At this time I would like to warn about a little known source of insidious mercury poisoning: It is amalgam tooth fillings. Professor Lewin suggested to me at once, when he noticed mercury poisoning in me, to replace all amalgam fillings–of which I had a considerable number in my mouth since early youth–with other fillings. Telling me this, he recalled a case of a university colleague who was at the edge of mental and physical collapse when the cause was found just in time. It was found in the numerous amalgam fillings stemming from the time when he was young. After their removal slow recovery followed.14)

Dentists used to prefer copper and cadmium amalgams and now often use the so-called silver amalgams for tooth fillings because these amalgams are easy to work with and fill out the cavities well. Silver amalgam is superior to the earlier named amalgams, which corode and rot over time. However it, too, releases mercury at room temperature as the following assays15) proved to us:

We enclosed silver amalgam samples in an evacuated glass tube, which was bent [in the middle] at a ninety-degree angle with the ends melted shut. The horizontal tube shank with the amalgam piece was kept warm at 30-35 degrees C; the other shank serving as a recepticle, was cooled with ice or liquid air. We then measured the mercury that had sublimated in the receptacle in all cases.
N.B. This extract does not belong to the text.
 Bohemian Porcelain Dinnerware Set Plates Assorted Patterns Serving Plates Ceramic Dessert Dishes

  • Amalgam piece carefully made for this purpose by dentist in the state-of-the-art method from metal powder and mercury: .801 g. Enclosed by melting into glass tube 24 hours after manufacture. Warmed [30-35 degrees] for 23 days. Receptacle in ice. Distilled mercury = 11.2 mg
  • II. Same as above: .810 g. Kept for three weeks to make hardening as complete as possible. Only after that period of time was it enclosed by melting into glass tube. Warmed [30-35 degrees] for 12 days. Receptacle in liquid air. Distilled mercury = 15.3 mg
  • III. Amalgam piece made by taking care using as little mercury as possible: 1.000 g. As in II. was kept in the open for three weeks. Warmed [30-35 degrees] for 9 days. Receptacle in ice. Distilled mercury = 8.2 mg
  • IV. Amalgam filling, which had been in a tooth for years and had fallen out: .894 g. Warmed [30-35 degrees] for 14 days. Receptacle in liquid air. Distilled mercury = 29.4 mg

Without doubt, the fillings that were used here in the laboratory would have allowed mercury to evaporate from the mouth as well and supplied the inhaled air with a small amount of mercury, which, in the long run, has to be harmful. The old copper and cadmium amalgams are likely to be even more harmful.
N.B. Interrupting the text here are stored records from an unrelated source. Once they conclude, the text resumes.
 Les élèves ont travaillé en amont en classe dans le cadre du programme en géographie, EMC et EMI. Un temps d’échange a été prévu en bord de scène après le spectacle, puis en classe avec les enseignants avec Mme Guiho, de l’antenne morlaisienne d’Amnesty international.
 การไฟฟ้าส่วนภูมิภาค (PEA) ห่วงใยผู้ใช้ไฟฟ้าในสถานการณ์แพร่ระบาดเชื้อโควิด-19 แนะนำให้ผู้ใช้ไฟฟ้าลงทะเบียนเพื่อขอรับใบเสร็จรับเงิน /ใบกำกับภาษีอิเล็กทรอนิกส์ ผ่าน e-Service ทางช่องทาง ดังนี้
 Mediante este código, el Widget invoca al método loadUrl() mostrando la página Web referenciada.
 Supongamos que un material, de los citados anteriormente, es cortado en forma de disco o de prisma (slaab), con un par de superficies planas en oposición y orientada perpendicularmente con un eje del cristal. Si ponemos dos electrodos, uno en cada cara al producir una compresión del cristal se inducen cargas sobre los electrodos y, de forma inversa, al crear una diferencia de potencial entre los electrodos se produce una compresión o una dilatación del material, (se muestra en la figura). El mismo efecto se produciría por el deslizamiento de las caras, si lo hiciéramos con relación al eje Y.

For some time, one of my faculty colleagues had been suffering from occasional headaches and drowsiness the cause of which he couldn’t explain. After he had an old amalgam filling removed, which had caused a slight infection near the tooth in question, his symptoms disappeared gradually. After its removal the filling showed itself as crumbly and laced with mercury droplets, throughout.
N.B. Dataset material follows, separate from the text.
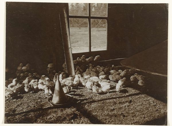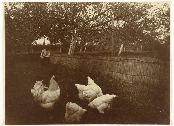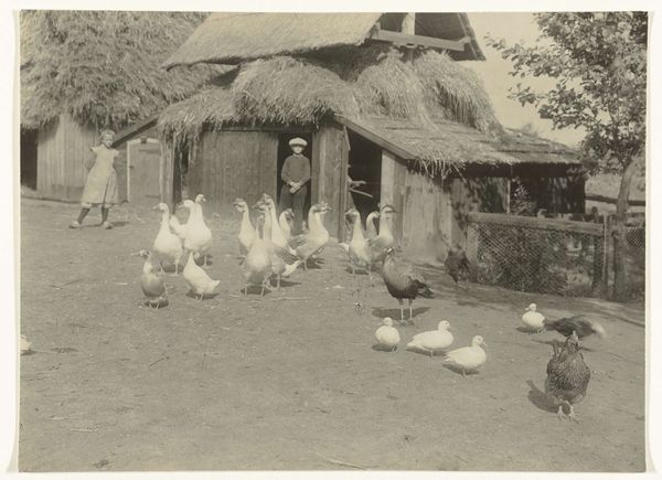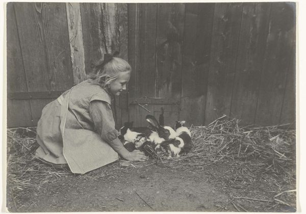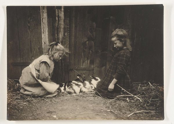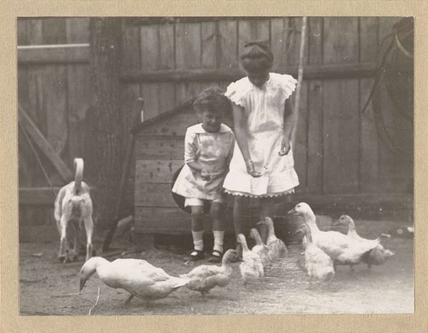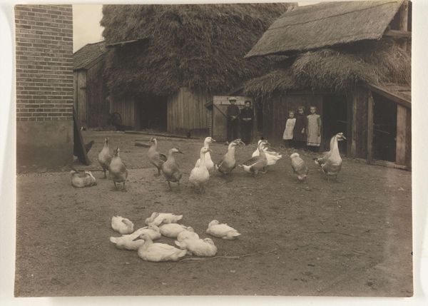 Richard Tepe made this photograph, "Vrouw knielt bij drie ganzen op een boerderij" - Woman kneeling by three geese on a farm - at an unknown date. It's a photograph, but it almost feels like a drawing, right? The way the light and shadow create these soft, tonal gradations, especially on the geese, it feels incredibly intimate, like the artist was right there, sketching. Look at the way the texture of the brick wall contrasts with the smooth, almost porcelain-like quality of the geese's feathers. The woman kneeling, holding a goose, she's like a dark mass in the photo. Her hands disappear into the goose's body. It's a gesture of care, but also a little mysterious. What's going on here? The way the artist captured this fleeting moment, it reminds me of some of the early 20th century photographers, like Gertrude Käsebier, who were pushing the boundaries of photography as art. It's not just a snapshot, it's a carefully composed, emotionally resonant image.

Dental medicine should do without the application of amalgam as means for filling teeth altogether or, at least, wherever at all possible. There is no doubt that many complaints such as fatigue, memory weakness, oral inflammation, diarrhea, lack of appetite, chronic runny nose and sinusitis are sometimes caused by mercury that has been directed to the body from amalgam fillings, maybe only in small quantities, but constantly. The physicians should give this fact the most serious attention. Then it will probably become apparent that the frivolous introduction of amalgams as tooth filling device was a nasty sin against humanity.